Materials and methods
Thirteen sponsored CTs conducted in the clinical research department at King Fahad Medical City, Riyadh, Saudi Arabia in 2016 and 2017 were analyzed to identify the accomplished data specific start-up metrics.
We organized a team of four different disciplines including research center, institutional review board (IRB), investigational drug service (IDS) pharmacy and pathology and clinical laboratory medicine (PCLM) departments. The team was charged with the responsibility to assess the current situation and shorten the time needed for the start-up phase (date of the first contact with the sponsor to the date of getting the IRB approval) of the newly sponsored clinical studies using Find an improvement area-Organize a team-Clarify current practices-Understand source of variation/problem-Select a strategy Plan-Do-Check-Act (FOCUS-PDCA) cycle [9]. FOCUS-PDCA is an effective method to systematically solve a simple/complex clinical process problem. It aids in problem solving, change implementation, and continuous improvement in the process [10]. We examined the current process for the start-up phase of new sponsored clinical studies, and used a fishbone analysis to clarify the current knowledge of the process and to understand the causes of process variation.
We used the data available at our site from previous study start-ups to characterize the role of each element of a study in relation to the time required to attain milestones during the start-up phase. The metrics incorporated five measures: (i) the date of initial contact with the site to the date of actual signing of the confidentiality agreement; (ii) the date of receiving the feasibility questionnaire from the sponsor to the date of its completion; (iii) time taken by the IDS pharmacy to review the study protocol and approve the IDS form; (iv) time taken by the PCLM to review the study protocol and approve the PCLM form (v) date of receipt of the IRB submission package by the site through the date of submission to the IRB and date of final IRB approval. The number of days to IRB approval was calculated from time of receiving the IRB submission package from the sponsor to the time between IRB package submission to the final IRB approval.
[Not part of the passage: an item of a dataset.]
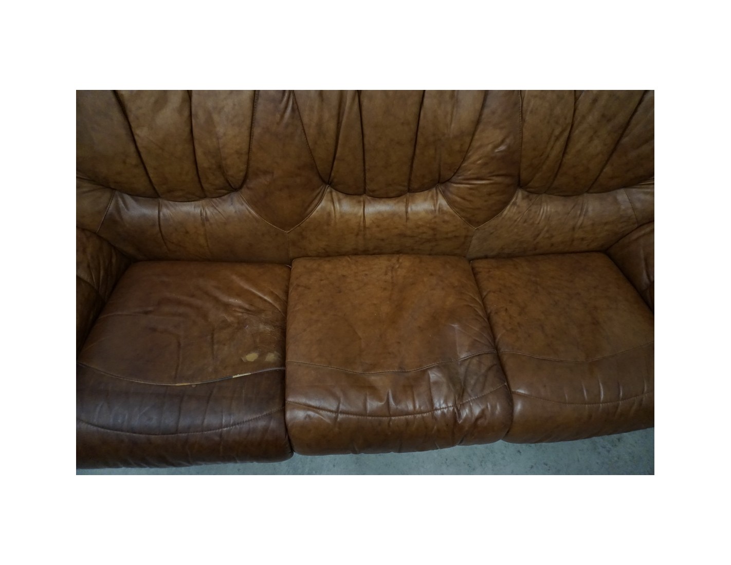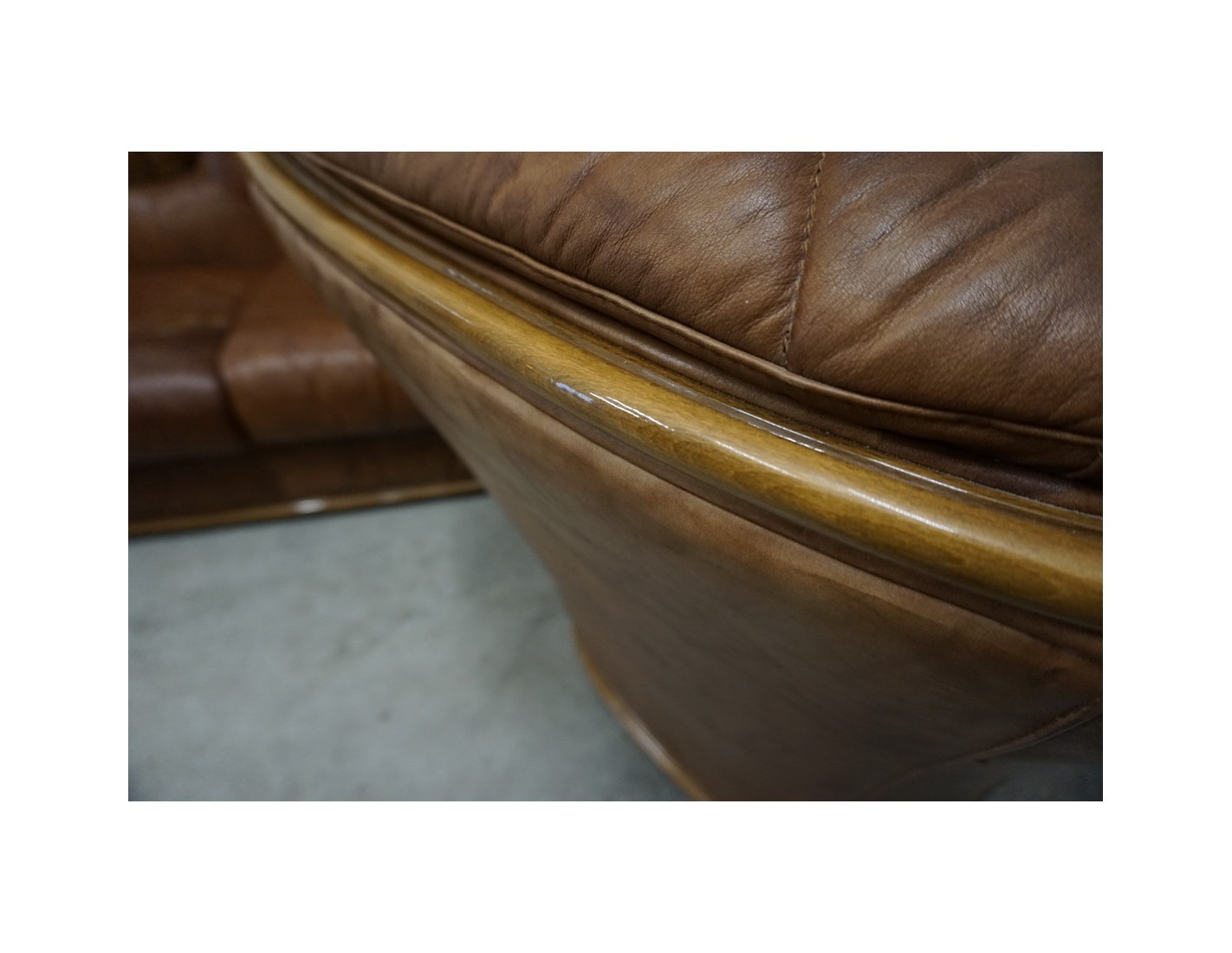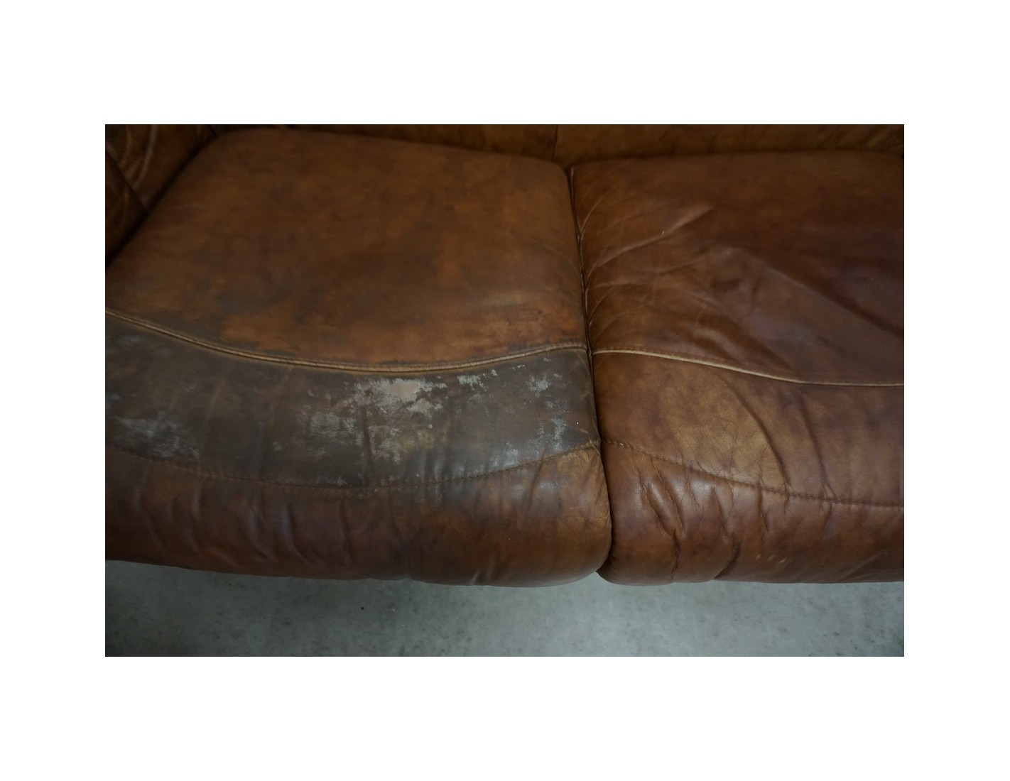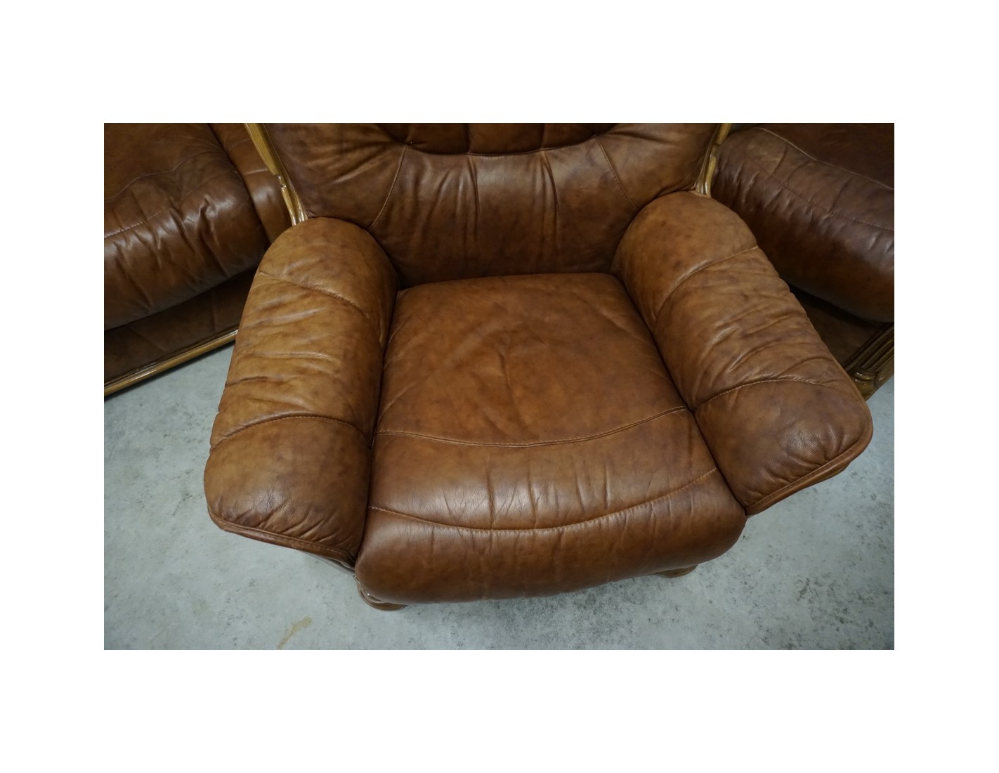 Klasyczny zestaw wypoczynkowy wykonany ze skóry naturalnej w układzie 3+2+1. Komplet składa się z sofy trzyosobowej, sofy dwuosobowej oraz fotela. Mebel przeznaczony jest do renowacji, co daje możliwość odświeżenia i dopasowania go do własnej aranżacji wnętrza.

Mean time for various metrics of clinical trial start-up was calculated before and after implementation of the intervention protocol to analyze and compare the percentage reduction in the mean cycle time for the newly sponsored clinical studies.
Study interventions
We implemented the following interventions to streamline and reduce the cycle time of the start-up phase of new sponsored CTs: (i) arranging meetings with IRB chairpersons, IDS pharmacy, and PCLM departments to agree on a specified timeline for approving new studies; (ii) completing the IDS form within 7-10 working days; (ii) completing the PCLM form within 5-10 working days; (iv) Modified industry-sponsored research committee for the protection of persons (CPP) approval; (v) assigning lab coordinators to handle all issues related to the send-out lab and get the prices for different tests; (vi) arranging meeting with IRB chairperson, IRB members, and the principle investigator for discussing the protocol and resolving queries prior to the full IRB meeting; (vii) simultaneous submission of study documents to IRB, IDS and PCLM; (vii) express IRB approval was formulized to fast-track the approval process (within 15 days); and (viii) development of standards operating procedure (SOP) for the pathway of new industry-sponsored research.
Results
The original start-up phase resulted in a serious delay exceeding 24.8 weeks pending IRB submission. This resulted due to deferral in the PCLM and IDS pharmacy approvals (Figure 1). Therefore, in the original start-up phase, approvals from IDS pharmacy and PCLM must be in place before the study package is submitted to IRB. This would help the trial to be on track and prevent any obvious scope of delay for subject recruitment.
Our fish-bone analysis identified numerous reasons for the delay in the current start-up phase and are presented in Figure 2. Two major factors identified were: (i) lack of well-defined timeline for IDS pharmacy, PCLM review, and approval of the study protocol; and (ii) inconsistent convening of the IRB meetings.
Before implementation of the new interventional steps, the mean cycle time of the start-up phase of the new sponsored clinical studies used to be 24.8 weeks. While, after the intervention, the whole process took a maximum of 13 weeks (Table 1). Therefore, with the new interventional protocol, 45.6% shortening of the entire CT lifecycle was noticed (Figure 3).
Discussion
Findings of our study demonstrated an overall reduction in the mean cycle time of the start-up phase of newly sponsored CTs that gets un-necessarily prolonged due to axillary services required in beginning of the trial. Mainly, inconsistent convening of the IRB meetings, and the extensive period required to obtain approval from IDS pharmacy and PCLM on the study protocol plays as culprit in delaying the start-up phase of a CT. Similar points were also noted by Giffin RB et al. (2010) [3].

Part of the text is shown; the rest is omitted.